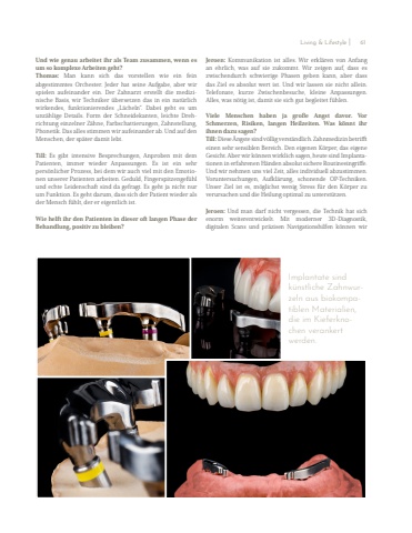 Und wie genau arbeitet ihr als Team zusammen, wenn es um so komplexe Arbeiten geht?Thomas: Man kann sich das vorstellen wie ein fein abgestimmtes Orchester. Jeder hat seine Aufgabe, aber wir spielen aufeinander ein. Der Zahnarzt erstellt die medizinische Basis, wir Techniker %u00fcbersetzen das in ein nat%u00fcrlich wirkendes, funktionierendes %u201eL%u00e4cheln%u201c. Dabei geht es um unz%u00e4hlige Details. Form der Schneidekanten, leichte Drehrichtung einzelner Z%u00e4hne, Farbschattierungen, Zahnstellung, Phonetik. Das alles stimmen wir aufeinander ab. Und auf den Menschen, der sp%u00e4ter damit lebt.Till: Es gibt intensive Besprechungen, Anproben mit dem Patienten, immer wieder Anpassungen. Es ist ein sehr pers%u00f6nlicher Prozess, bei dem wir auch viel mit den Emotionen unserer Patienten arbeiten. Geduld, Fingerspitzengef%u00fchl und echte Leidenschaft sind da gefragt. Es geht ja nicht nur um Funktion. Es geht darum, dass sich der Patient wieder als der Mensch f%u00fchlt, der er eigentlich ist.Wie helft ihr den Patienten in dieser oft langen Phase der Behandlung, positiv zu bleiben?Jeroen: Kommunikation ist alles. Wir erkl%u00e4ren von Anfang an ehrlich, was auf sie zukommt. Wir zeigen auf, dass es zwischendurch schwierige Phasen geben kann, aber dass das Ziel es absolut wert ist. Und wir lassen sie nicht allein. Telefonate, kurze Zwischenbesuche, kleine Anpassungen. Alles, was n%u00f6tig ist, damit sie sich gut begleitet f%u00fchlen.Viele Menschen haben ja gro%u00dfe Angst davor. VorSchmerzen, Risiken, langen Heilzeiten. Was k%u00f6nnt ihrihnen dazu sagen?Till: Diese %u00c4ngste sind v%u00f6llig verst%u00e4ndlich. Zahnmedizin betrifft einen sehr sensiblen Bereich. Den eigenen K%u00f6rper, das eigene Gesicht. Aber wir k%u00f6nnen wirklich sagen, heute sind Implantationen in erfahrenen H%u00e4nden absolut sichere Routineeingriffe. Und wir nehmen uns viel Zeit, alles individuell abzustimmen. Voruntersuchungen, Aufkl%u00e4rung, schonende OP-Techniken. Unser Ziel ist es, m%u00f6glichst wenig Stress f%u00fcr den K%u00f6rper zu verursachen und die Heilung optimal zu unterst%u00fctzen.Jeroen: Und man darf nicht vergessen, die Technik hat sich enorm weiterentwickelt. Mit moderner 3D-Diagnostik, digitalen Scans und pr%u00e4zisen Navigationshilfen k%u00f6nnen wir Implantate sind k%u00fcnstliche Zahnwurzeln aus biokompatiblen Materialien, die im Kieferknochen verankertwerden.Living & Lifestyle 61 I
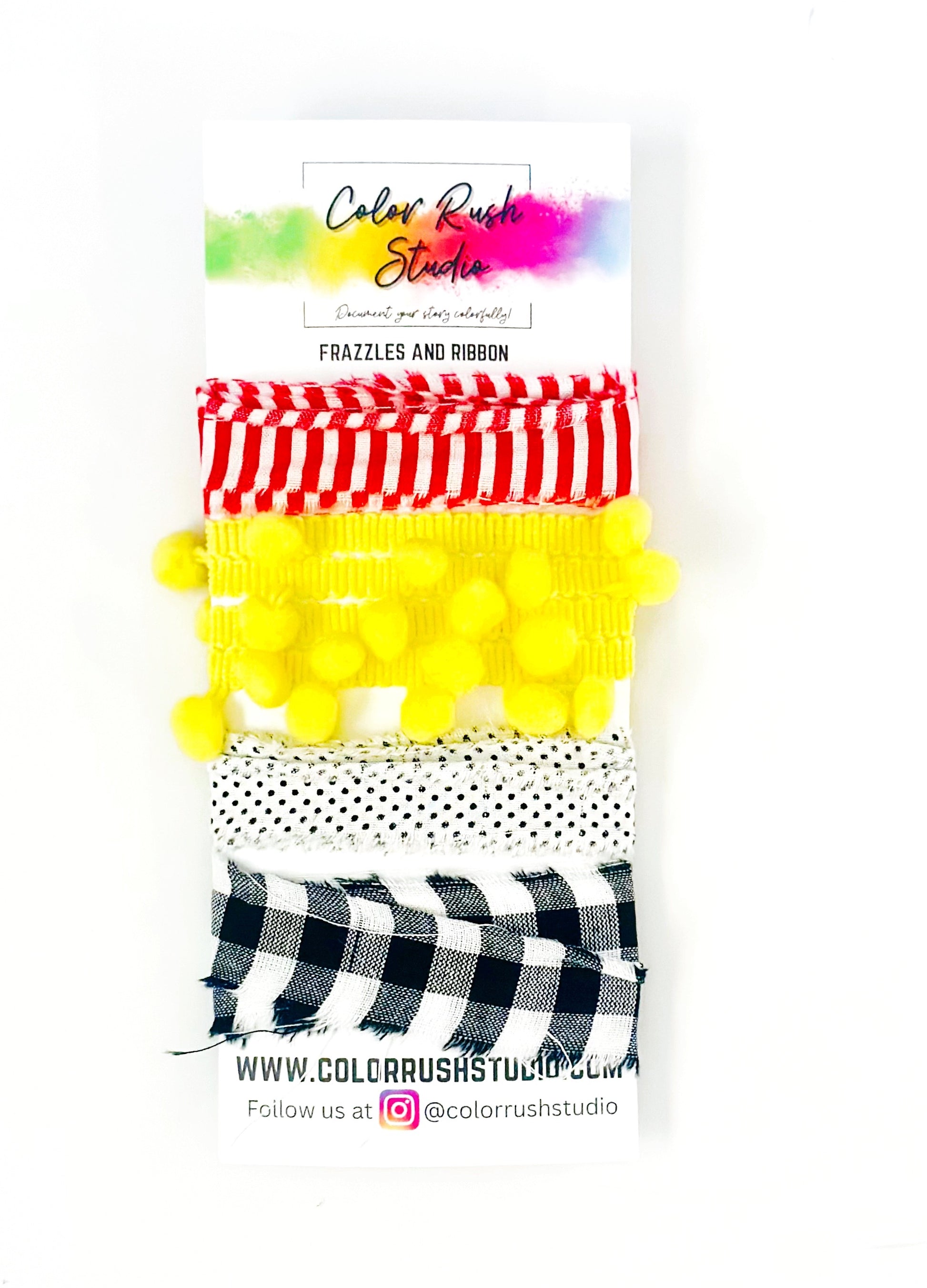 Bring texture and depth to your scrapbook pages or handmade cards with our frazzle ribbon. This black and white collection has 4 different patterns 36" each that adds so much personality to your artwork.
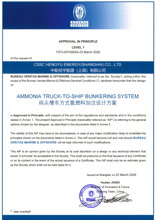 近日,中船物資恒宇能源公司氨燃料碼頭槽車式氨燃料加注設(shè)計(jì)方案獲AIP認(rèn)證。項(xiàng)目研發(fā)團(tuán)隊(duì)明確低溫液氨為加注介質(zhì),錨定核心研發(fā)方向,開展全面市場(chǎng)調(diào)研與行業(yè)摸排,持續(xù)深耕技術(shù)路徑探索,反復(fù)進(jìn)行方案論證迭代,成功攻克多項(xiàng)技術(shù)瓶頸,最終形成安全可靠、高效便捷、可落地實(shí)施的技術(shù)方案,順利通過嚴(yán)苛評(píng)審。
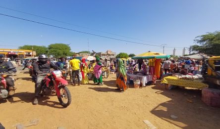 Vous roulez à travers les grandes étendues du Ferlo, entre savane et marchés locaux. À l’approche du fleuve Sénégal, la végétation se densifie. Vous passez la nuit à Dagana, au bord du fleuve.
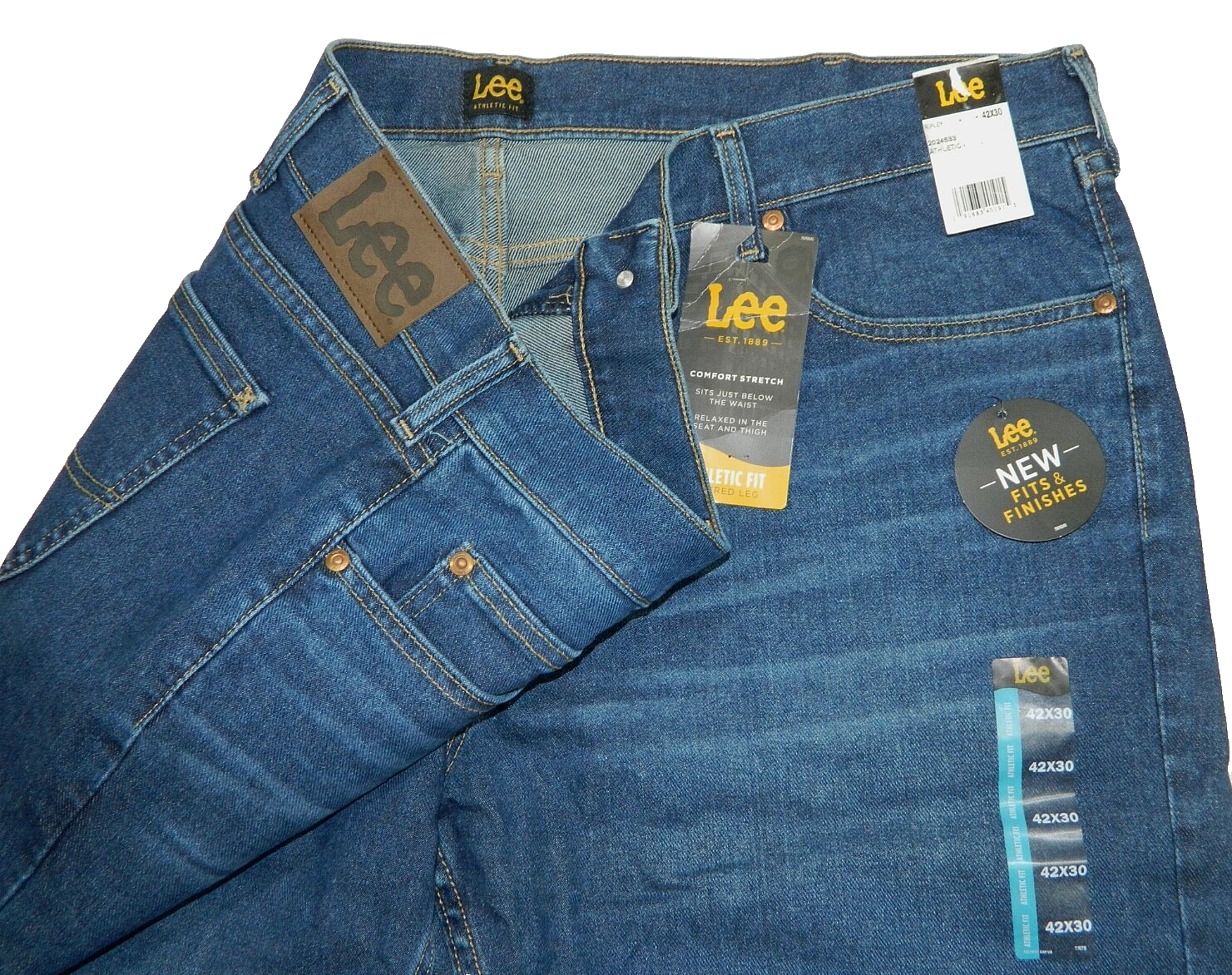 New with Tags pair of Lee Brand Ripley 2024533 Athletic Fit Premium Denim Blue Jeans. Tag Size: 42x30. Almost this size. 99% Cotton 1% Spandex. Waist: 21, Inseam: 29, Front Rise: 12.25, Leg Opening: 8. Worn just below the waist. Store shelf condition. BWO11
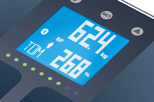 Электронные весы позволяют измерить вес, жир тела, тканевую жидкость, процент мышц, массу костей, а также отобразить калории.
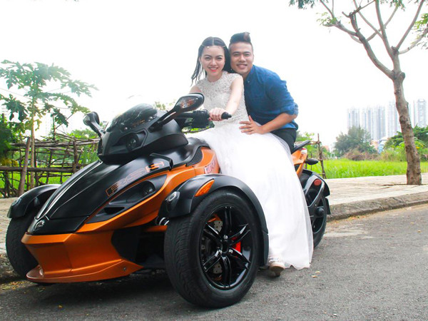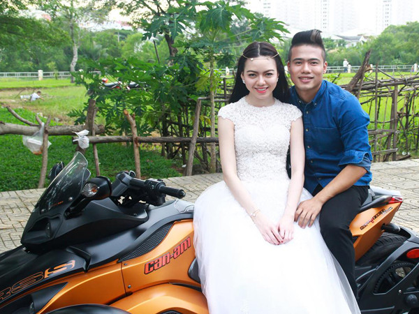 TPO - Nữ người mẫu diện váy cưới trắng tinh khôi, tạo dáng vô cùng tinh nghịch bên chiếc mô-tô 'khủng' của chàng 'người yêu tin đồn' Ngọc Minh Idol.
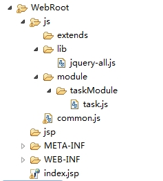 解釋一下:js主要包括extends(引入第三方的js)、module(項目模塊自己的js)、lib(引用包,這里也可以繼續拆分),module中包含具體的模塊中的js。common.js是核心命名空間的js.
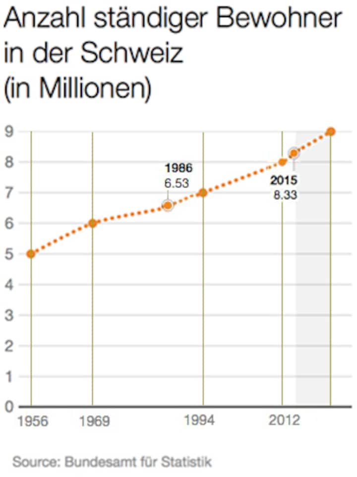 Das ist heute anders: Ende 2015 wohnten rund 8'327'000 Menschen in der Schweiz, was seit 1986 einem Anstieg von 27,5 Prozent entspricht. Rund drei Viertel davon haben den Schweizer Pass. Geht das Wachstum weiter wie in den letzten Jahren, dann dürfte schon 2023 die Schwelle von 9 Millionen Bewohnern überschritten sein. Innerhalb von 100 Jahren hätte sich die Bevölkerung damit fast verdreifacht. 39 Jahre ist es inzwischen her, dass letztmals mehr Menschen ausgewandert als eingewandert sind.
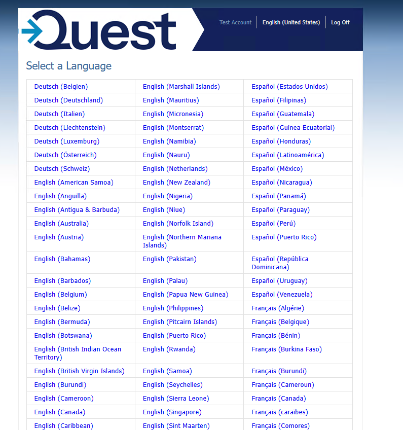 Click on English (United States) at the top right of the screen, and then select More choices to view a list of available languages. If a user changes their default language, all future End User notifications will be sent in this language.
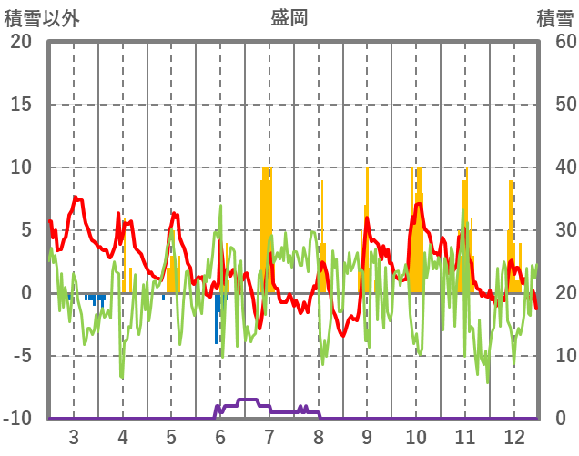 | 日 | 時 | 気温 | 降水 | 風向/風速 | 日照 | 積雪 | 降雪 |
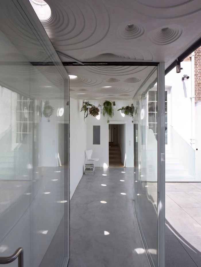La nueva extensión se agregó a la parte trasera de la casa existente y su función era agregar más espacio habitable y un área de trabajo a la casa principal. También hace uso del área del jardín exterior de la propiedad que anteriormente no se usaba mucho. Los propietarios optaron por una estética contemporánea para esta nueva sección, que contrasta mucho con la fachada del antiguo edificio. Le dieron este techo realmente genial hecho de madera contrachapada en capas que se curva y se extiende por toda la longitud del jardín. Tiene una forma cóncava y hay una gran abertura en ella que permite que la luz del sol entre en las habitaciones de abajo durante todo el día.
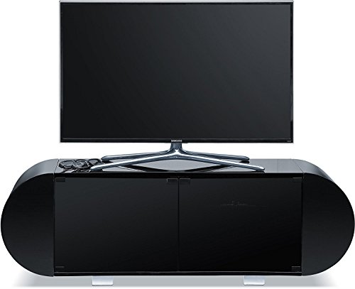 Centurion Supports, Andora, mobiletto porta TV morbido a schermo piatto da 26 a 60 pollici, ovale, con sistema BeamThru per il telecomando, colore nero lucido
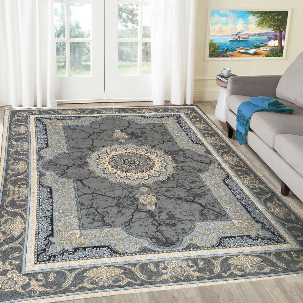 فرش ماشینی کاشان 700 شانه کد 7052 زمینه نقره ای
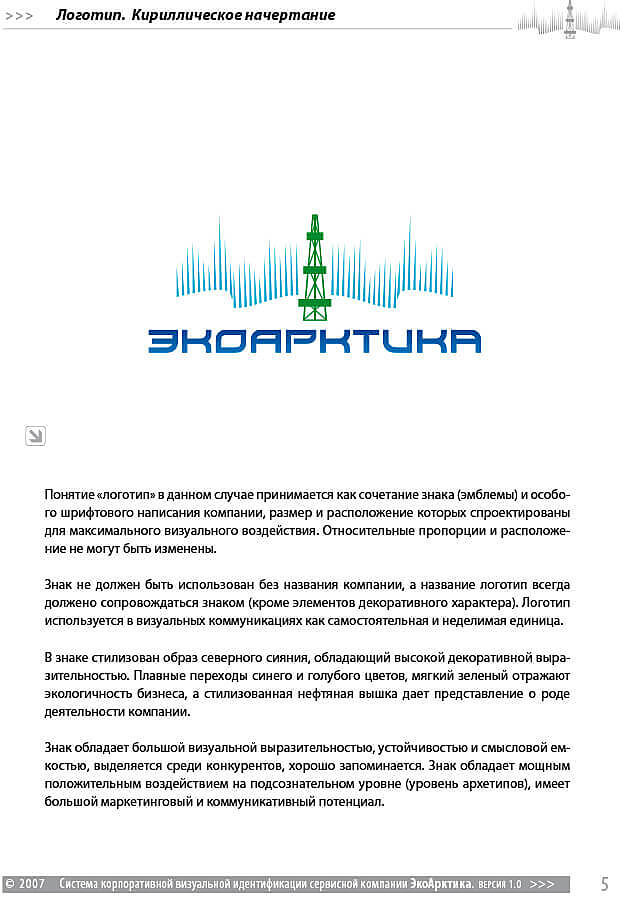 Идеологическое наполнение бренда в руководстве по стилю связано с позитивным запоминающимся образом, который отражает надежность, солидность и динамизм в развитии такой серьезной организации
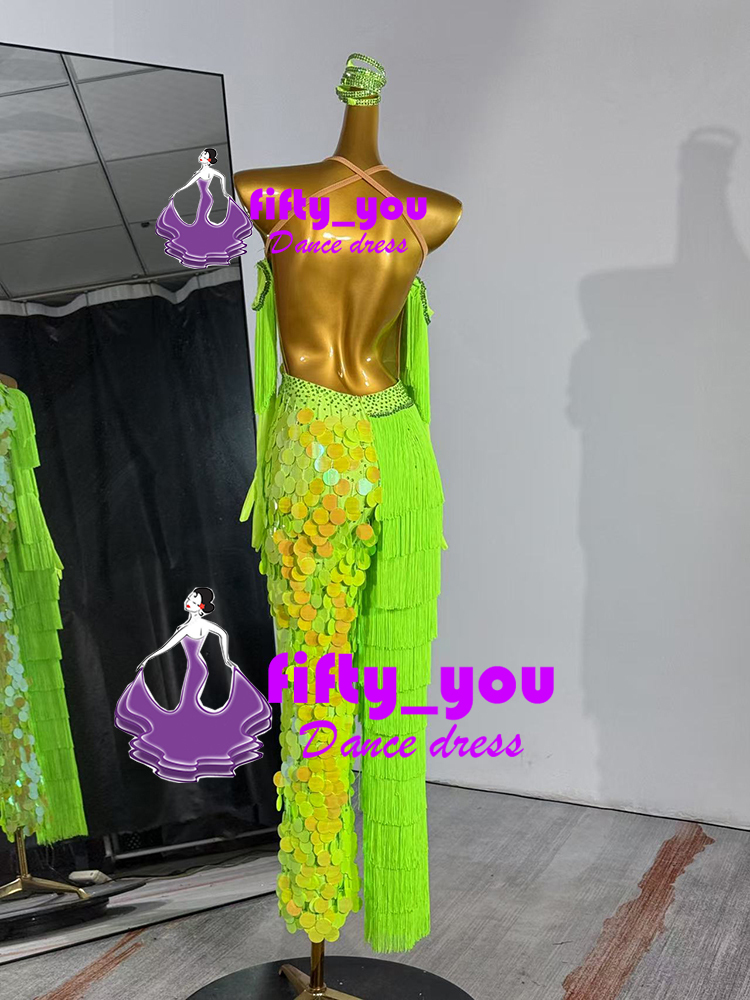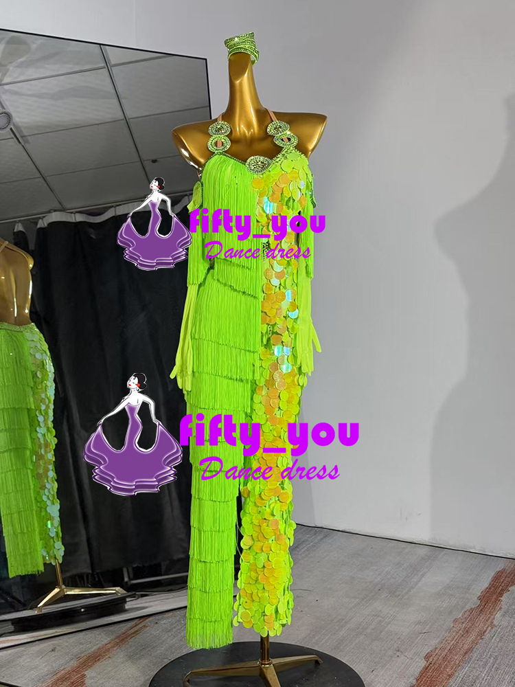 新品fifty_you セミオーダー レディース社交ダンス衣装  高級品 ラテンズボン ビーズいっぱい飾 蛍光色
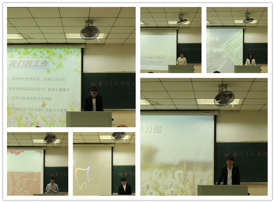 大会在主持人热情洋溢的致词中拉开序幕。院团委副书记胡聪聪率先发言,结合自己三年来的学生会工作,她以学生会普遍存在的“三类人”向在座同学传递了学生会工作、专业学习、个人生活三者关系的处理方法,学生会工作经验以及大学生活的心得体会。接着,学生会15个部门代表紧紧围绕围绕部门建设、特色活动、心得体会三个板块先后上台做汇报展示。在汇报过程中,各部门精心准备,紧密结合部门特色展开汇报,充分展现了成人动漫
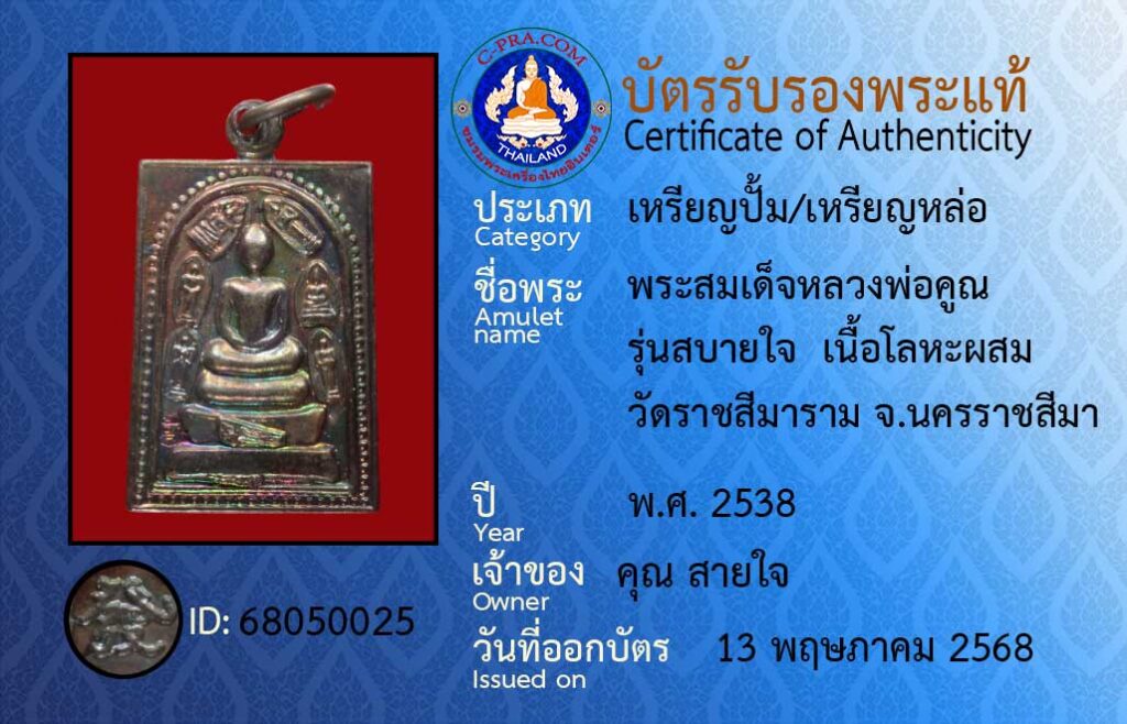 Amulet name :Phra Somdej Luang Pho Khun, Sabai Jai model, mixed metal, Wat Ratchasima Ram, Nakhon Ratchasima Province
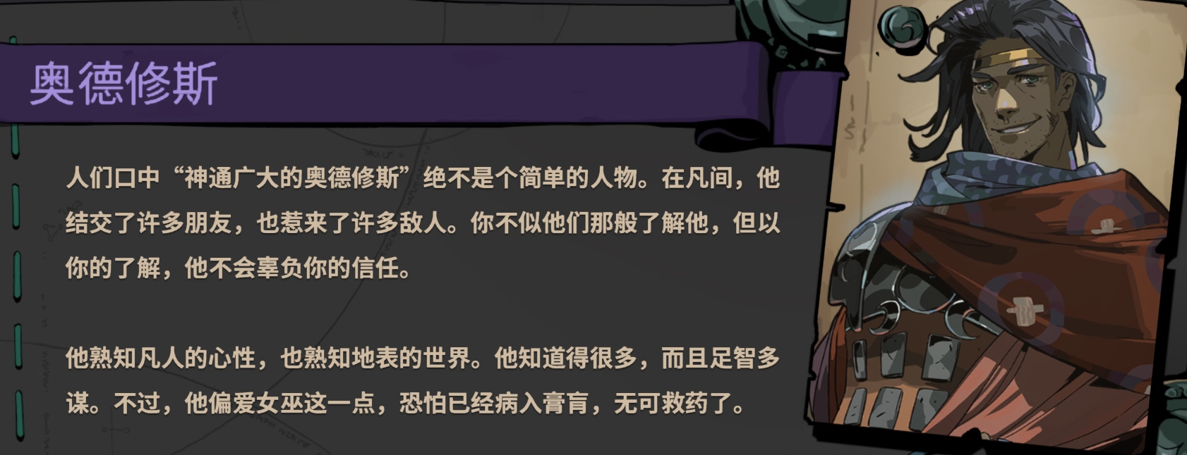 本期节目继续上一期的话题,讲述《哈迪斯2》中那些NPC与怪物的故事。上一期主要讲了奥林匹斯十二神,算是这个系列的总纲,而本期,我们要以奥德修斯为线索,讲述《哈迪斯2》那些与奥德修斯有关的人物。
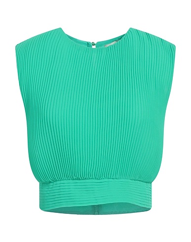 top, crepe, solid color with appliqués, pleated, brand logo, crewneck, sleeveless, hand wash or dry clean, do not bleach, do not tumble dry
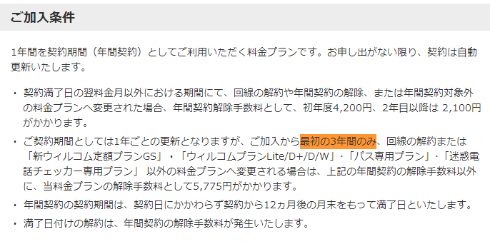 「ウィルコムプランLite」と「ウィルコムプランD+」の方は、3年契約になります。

TASK DESCRIPTION:
Please transcribe the lines from the one containing "本期节目继续上一期的话题,讲" to the last line of the listing, both included, exactly and with nothing added, leaving every picture out.

ANSWER TO THIS EXERCISE:
 本期节目继续上一期的话题,讲述《哈迪斯2》中那些NPC与怪物的故事。上一期主要讲了奥林匹斯十二神,算是这个系列的总纲,而本期,我们要以奥德修斯为线索,讲述《哈迪斯2》那些与奥德修斯有关的人物。
 top, crepe, solid color with appliqués, pleated, brand logo, crewneck, sleeveless, hand wash or dry clean, do not bleach, do not tumble dry
 「ウィルコムプランLite」と「ウィルコムプランD+」の方は、3年契約になります。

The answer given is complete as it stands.